How Shabbat Can Heal the Tyranny of Busyness

I attended my first Shabbat service on a recent Friday evening, surprising in its sense of joy and celebration. “We love to sing,” said the program for Temple Beth Shalom in Needham, Massachusetts, where my nephew, Eric Gage, on the cusp of 13, would become B’nei Mitzvah the next day.

I felt both eager and unprepared as I stepped into the reform temple, with its unfamiliar language and practices. My brother helped my sisters and me — raised Methodist, none of us regular church-goers — through the English translations of the Hebrew text. I struggled self-consciously with the left-to-right turning of the pages in the prayer book, before I finally sank into my pew and focused outward, upward.

“Our everyday lives are so busy,” the evening’s program read. “We invite you to relax and enjoy this time away from the quickened pace of the world outside these walls.
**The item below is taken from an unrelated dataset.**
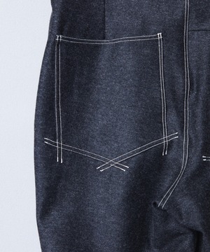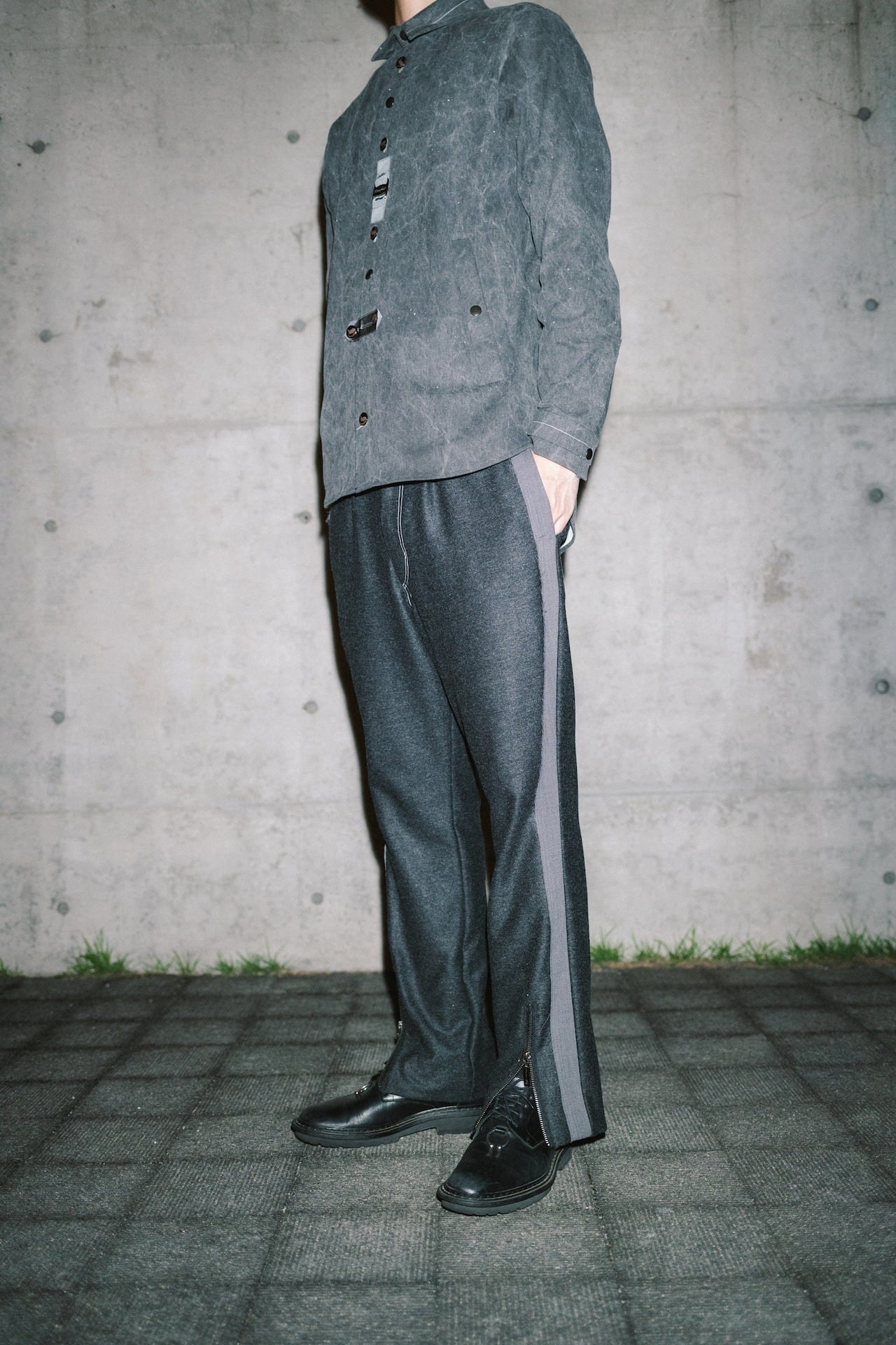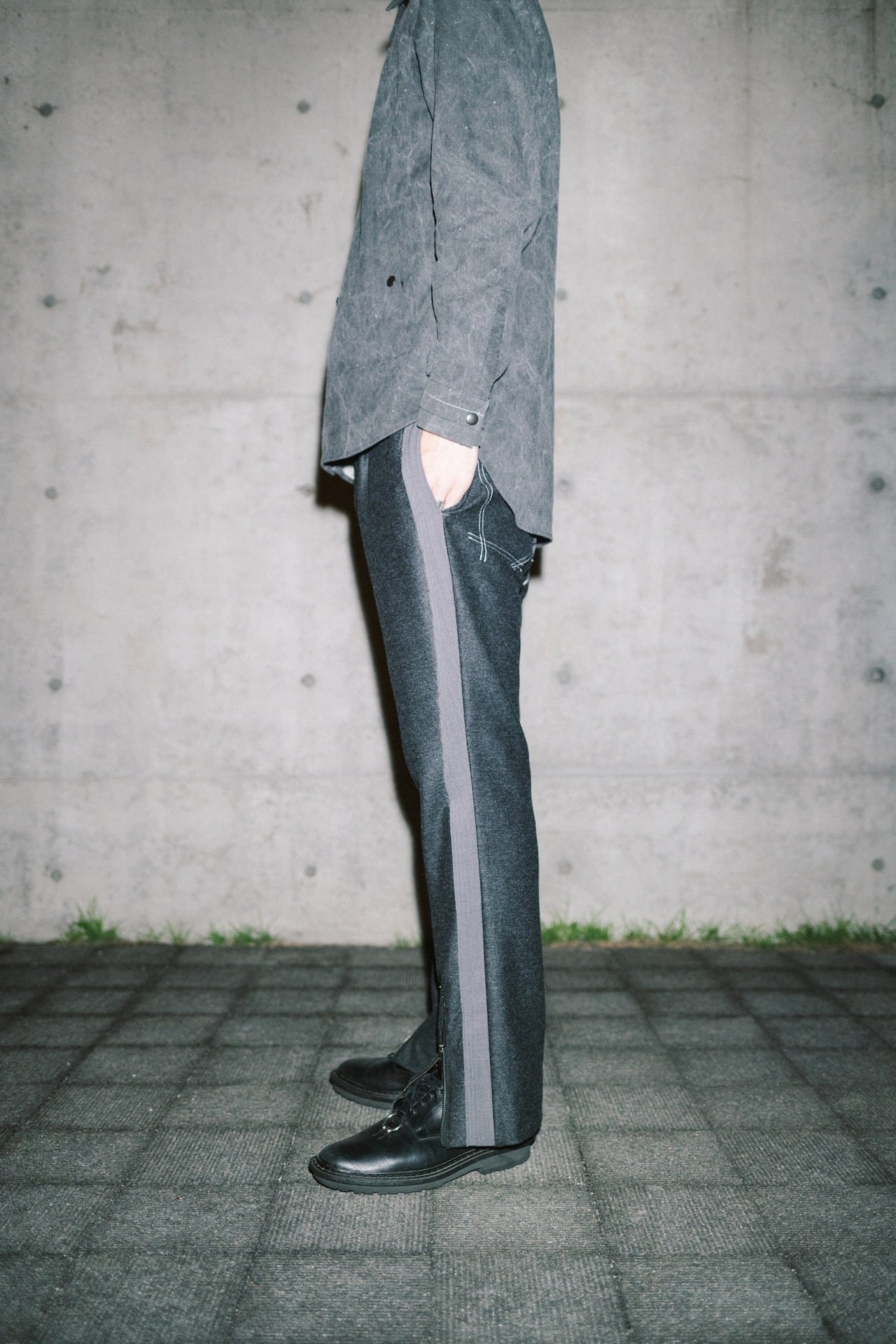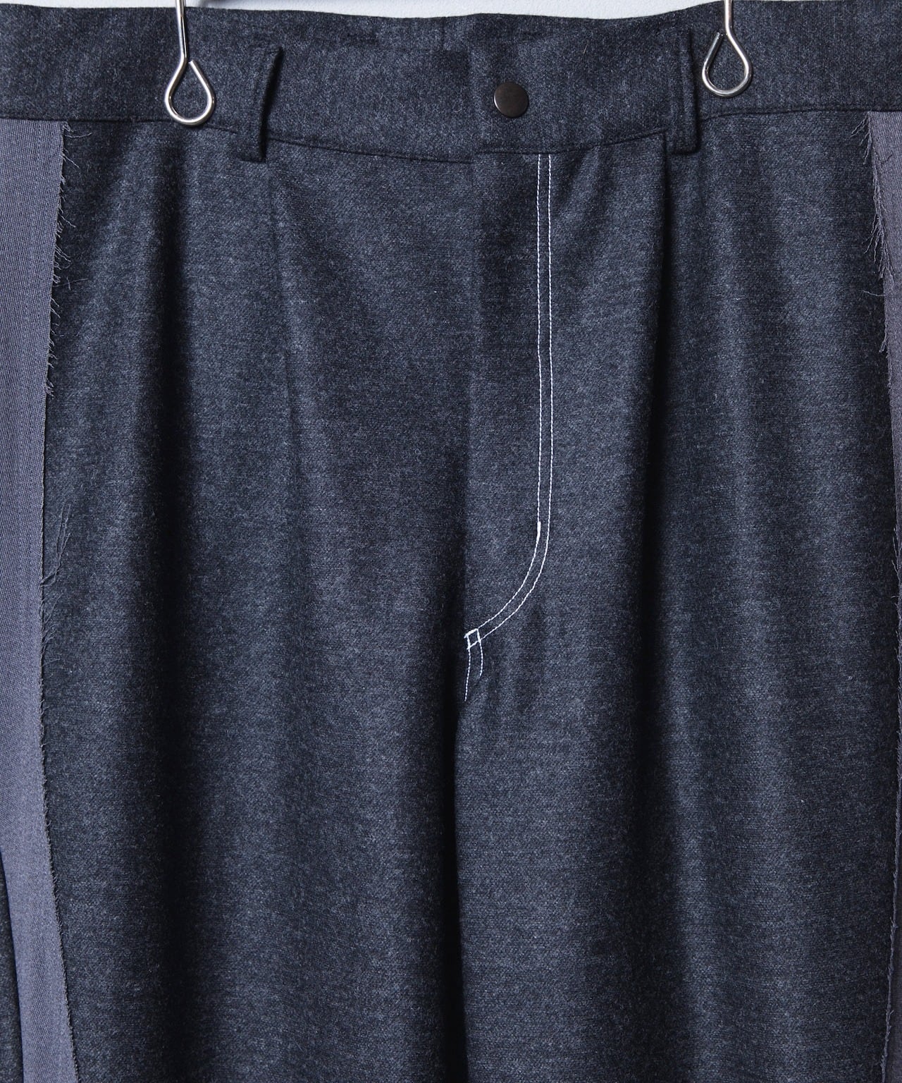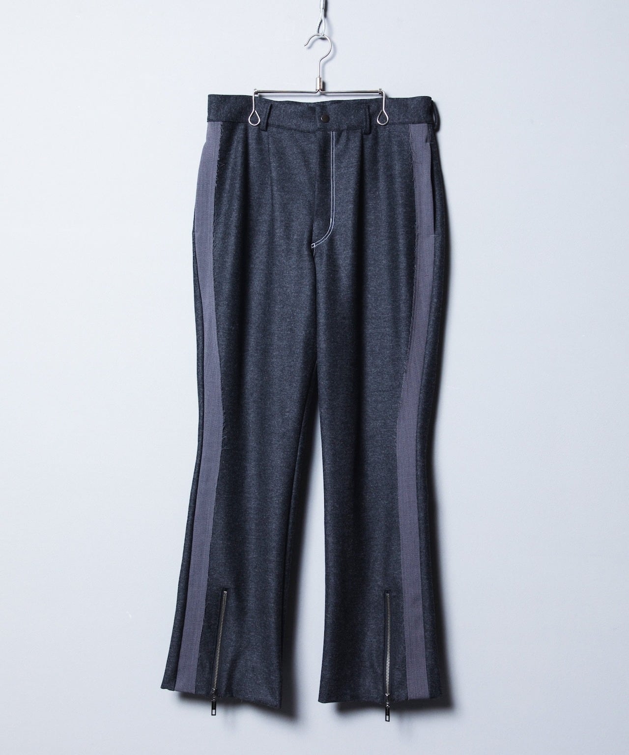 ジーンズのような縫製仕様や微妙なフレアシルエットをスラックスに落とし込んだデザイン。

Please enjoy the gift that is Shabbat by turning off your cell phone, Blackberry, iPhone or anything else that goes ‘buzz.’”

A sense of placekeep-calm-and-shabbat-shalom_SMALL

The word Shabbat literally means “ceasing” or “stopping,” a concept I am only beginning to grasp at middle age — and one made more difficult in a time when being digitally connected (always on, forever reachable) is expected, if not embraced.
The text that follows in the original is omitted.